Cumpleaños de un esteta

Alejandro Luque

     Mi historia con Edmundo Desnoes podría resumirse como una sucesión de asombros. El primero me lo deparó la consabida película de Gutiérrez Alea; el segundo, el hallazgo y lectura de un descojonado – Borges habría dicho fatigado – ejemplar de Memorias del subdesarrollo en un tenderete de la habanera Plaza de Armas, que cierto avispado vendedor, sin duda olfateando mi interés, me despachó a un precio inmoral. El tercer asombro fue descubrir que su autor estaba vivo y en activo, pues mi imaginación ya le había adjudicado uno de esos panteones reservados a los clásicos, ajeno al tiempo y a las modas. El cuarto, del que aún no me he repuesto, es que Desnoes me correspondiera, y va para cinco años, con su franca y desinteresada amistad.

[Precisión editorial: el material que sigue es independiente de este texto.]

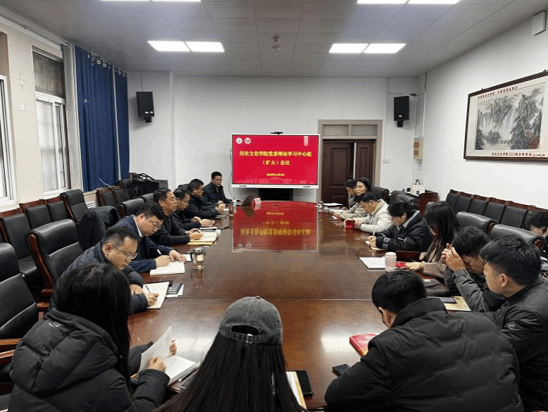 12月4日上午,历史文化学院在三楼会议室召开党委理论学习中心组(扩大)学习会,专题学习党的二十届四中全会精神和《习近平谈治国理政》第五卷核心内容。学院党委委员、各党支部书记、教研室主任及学院科室负责人参加,学院党委书记张占党主持学习会。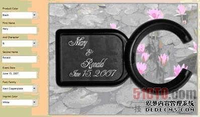 几乎所有的DrinkMate商品都是打上水印后销售出去的,用于婚礼的商品基本上都包括了新娘新郎的名字以及婚礼日期的水印,如图2显示的那样,这个Silverlight 2应用程序的目标就是让快要结婚的情侣能够方便地预览他们自己设计的不同商品,变换颜色、字体以及布局,保存这些信息便于以后可以调出查看,以节约他们的选择时间,你可以从

     A Edmundo le gusta distinguir entre escritores por exceso y escritores por defecto. Los primeros son los que escriben con toda la vida que les sobra; los segundos, entre los que se cuenta, trabajan para encontrar lo que les falta. Ignoro la suerte que habría corrido si su obra hubiera sido más extensa, pero ya Rulfo demostró que no importa tanto el gasto de tinta como saber callar a tiempo. Desnoes, bartleby a su manera, es autor de algunos de los silencios más bellos de la literatura hispana contemporánea.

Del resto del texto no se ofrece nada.